◆ Assignment: Within the entries below, please return exactly the lines from the one with "PIX TOMADA DE" through the one with "Ежедневник с гибкой", leaving out any pictures.

##### Data section #####

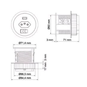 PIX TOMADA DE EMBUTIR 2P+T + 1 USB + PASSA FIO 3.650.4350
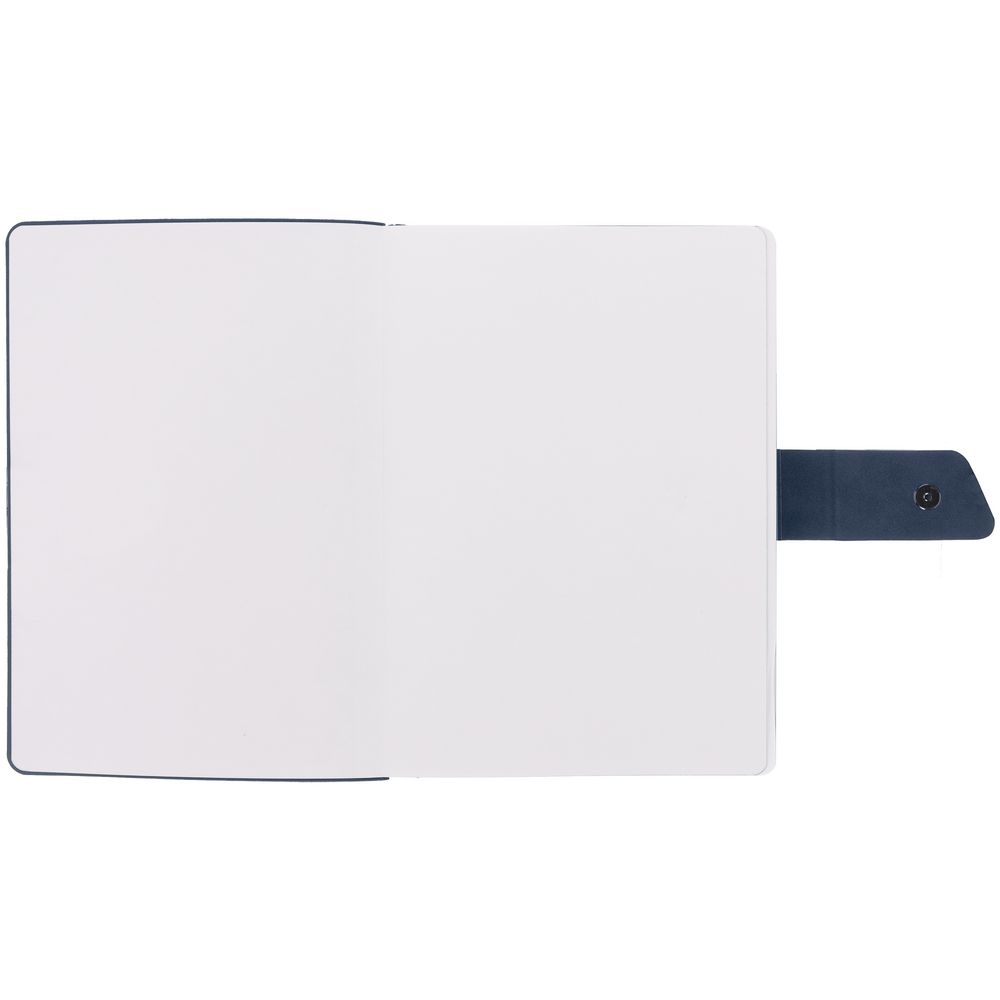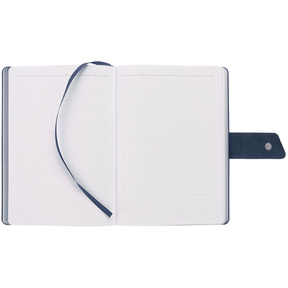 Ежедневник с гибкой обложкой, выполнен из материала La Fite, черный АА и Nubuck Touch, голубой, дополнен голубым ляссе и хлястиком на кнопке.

#####
##### Data section #####

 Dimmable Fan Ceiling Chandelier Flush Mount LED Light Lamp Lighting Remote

#####
##### Data section #####

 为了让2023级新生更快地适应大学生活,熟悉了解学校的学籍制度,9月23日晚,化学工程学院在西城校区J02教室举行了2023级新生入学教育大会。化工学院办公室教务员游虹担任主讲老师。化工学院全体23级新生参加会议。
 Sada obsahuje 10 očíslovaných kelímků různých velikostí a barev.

#####

◆ Answer box:
 PIX TOMADA DE EMBUTIR 2P+T + 1 USB + PASSA FIO 3.650.4350
 Ежедневник с гибкой обложкой, выполнен из материала La Fite, черный АА и Nubuck Touch, голубой, дополнен голубым ляссе и хлястиком на кнопке.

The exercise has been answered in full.